Pete signaled and Daman slid from behind the relative safety of the trash bin. He pressed his back to the solid safety of the wall behind him. He tested the doorknob; it twisted, but the door didn’t open. Daman saw a slide-lock, with an open bolt. He lifted the lock away, slid open the slide, and stepped around the door to the opening side.
As he moved, the heavy wood swung open and cracked his forehead. His head snapped back. His knees buckled, arms flailed. He fell, limbs numb, head in a thick, gray fog. Then black.
***
Cold water in the face. Down the throat. Mouth clogged. Breathe. Into the lungs. Retch. Spew back the water, now warm mixed with spit. Clear the vision.
Another bucket of water full in the face. This time it brought him to the surface of consciousness. He rolled, went onto his elbows, shaking the last of the fog from his mind. He cracked open eyes to see the tip of a shoddy well-worn basketball shoe. His eyes traveled up the black denim-covered leg into the face of Haki.
‘You son of a bitch,” Daman murmured.
Adrenaline punched his system. He bounced to his feet and smashed a fist into the Maori’s mouth. Haki staggered back, covered his mouth and a curse with his hands. When his hands came away, Daman saw with s
ome satisfaction that there was blood from a torn lip before the Maori returned the favor and sent a meaty uppercut into Daman’s jaw. He wasn’t as fully recovered from being knocked unconscious as he thought and the hit sent him flying backward to the cold concrete.

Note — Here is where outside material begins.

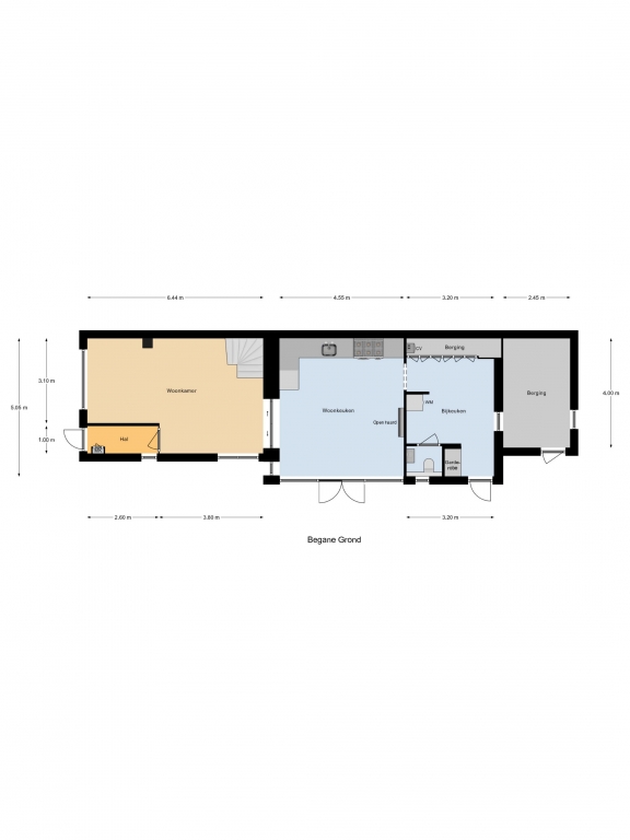 Entree met meterkast; woonkamer met kachelaansluiting, trapopgang en authentieke schuifdeurenverbinding naar woonkeuken; woonkeuken met gashaard, balkenplafond en openslaande tuindeuren; bijkeuken met wasmachine-aansluiting, kastenwand, garderobenis en tuindeur; toiletruimte met zwevend toilet, fraai fonteintje en “verborgen” kast achter het tegelwerk.
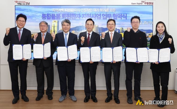 꿈이 모이는 도시, 미래를 그리는 강남구가 퇴원 이후 돌봄 공백을 줄이고 지역사회 중심의 돌봄 체계를 강화하기 위해 2월 25일 구청에서 관내 6개 의료기관과 '통합돌봄 퇴원환자 지원사업' 추진을 위한 업무협약(MOU)을 체결했다. 협약 기관은 삼성서울병원, 연세대학교의과대학 강남세브란스병원, 강남베드로병원, 나누리병원, 메드렉스병원, 강남구립행복요양병원이다.

“That’s enough, Haki. You’ll get your turn in a little while.”
The dulcet tones set Daman’s blood on ice. Winded, he managed to fix his red-filled vision on the man in the neat black Italian designer suit standing a little away from him, lost in the shadows. “Why don’t you come a bit closer and I’ll greet you the same way,” Daman said. He sat, rubbing the hot pain from his jaw as he watched Vincent arrange his lean features in careful nonchalance. His hawk-features did little to hide the greed beneath the slim veneer of style.
“At last, the leader comes out from behind his desk,” Daman snarled. “Glad to see you getting your hands dirty for once, Vincent.”
“Better than them being dirty all the time. You cops tend to be a bit…filthy,” Vincent replied. He walked toward Daman, but was careful to stay away from arm’s reach. He lit a cigarette. The end glowed red.
“Those things’ll kill you, you know. If I don’t get to you first.” Daman went to stand, muscles straining, ready.
“I’ll ask you to stay seated.”
Daman slowly sat, keeping his knees bent. He clasped his hands around his knees so he could rest his elbows. He took the time to study his surroundings, eyeing the muscle in the room as he settled himself. There were four men, including Haki. No sign of Pete, the angel or the priest. Excluding the two that were downed at the church, these men were the four that got away. The one that he shot held his arm, the flesh of his outer arm bloodied. Daman tallied his intended body count, calculating the order and how he would take each of them out. The injured man would be the first to go. Get to the weakest first and take them out of the game. They would be slower to react, but an injured man could wield a weapon and cause damage.